WASHINGTON -- U.S. companies added jobs in March for the first time in eight months, fresh evidence the economy is on the road to recovery even though the unemployment rate edged up to 5.7 percent.
The Labor Department reported Friday that payrolls grew by 58,000 during the month, a welcome sign after companies had slashed hundreds of thousands of positions as they tried to cope with the recession and the jolt of the Sept. 11 terror attacks.
"The economy and the job market have turned the corner from recession to recovery," said Mark Zandi, chief economist at Economy.com.
After having lost nearly a fifth of their work force since September 2000, temporary help firms added 69,000 jobs in March, the second straight month employment grew.

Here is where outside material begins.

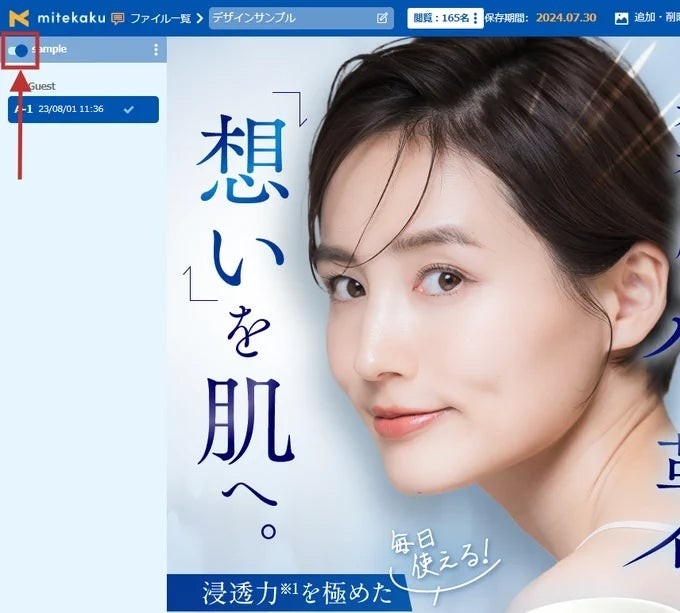 これにより、画面上の修正指示を瞬時に非表示にし、元のデザインを確認する事が可能になり、作業効率を向上させます。
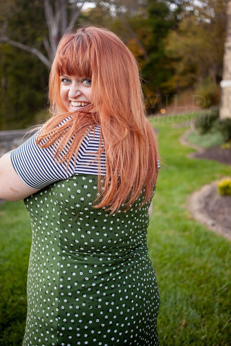 I told you that this pattern can be used for more than just team wear, didn’t I?  Here’s your proof!  I took one of my favorite ditzy florals (in this cute autumn color scheme) and paired it with some of my beloved black + white stripes…and I’ve got a really sweet, casual dress for myself now.  Tshirt dresses are basically the best thing that have ever existed, so this Go Team Dress falls into that category.

Economists viewed that as a particularly encouraging sign for job growth in general in the months ahead. Companies often hire temporary workers before they hire new full-time workers or rehire laid-off workers, they said.
Employment in the services sector went up by 118,000 last month, the largest gain in a year and a half.
Though factories, hardest hit by the slump, continued to shed jobs in March, losses during the month totaled just 38,000, the smallest cut since December 2000.
Manufacturing on mend
The average weekly hours worked in manufacturing grew in March to 41.1 hours from 40.7 hours -- "a clear sign that manufacturing is on the mend and orders are picking up," said National Association of Manufacturers President Jerry Jasinowski. Economists said the pickup in weekly hours bodes well for some job growth at factories in the coming months.
On Wall Street, blue-chip stocks moved higher. The Dow Jones industrial average closed up 36.47 points at 10,271.64.
Even though economists are optimistic that the nation's payrolls will continue to grow, many still foresee a rise in the nation's unemployment rate. That's because they don't think job growth will be strong enough to take care of an expected increase of people entering the labor force.
Economists predict the jobless rate will peak at 6 percent by June, reflecting their belief companies will be reluctant to quickly hire back laid-off workers until profits recover and executives are convinced the recovery is here to stay.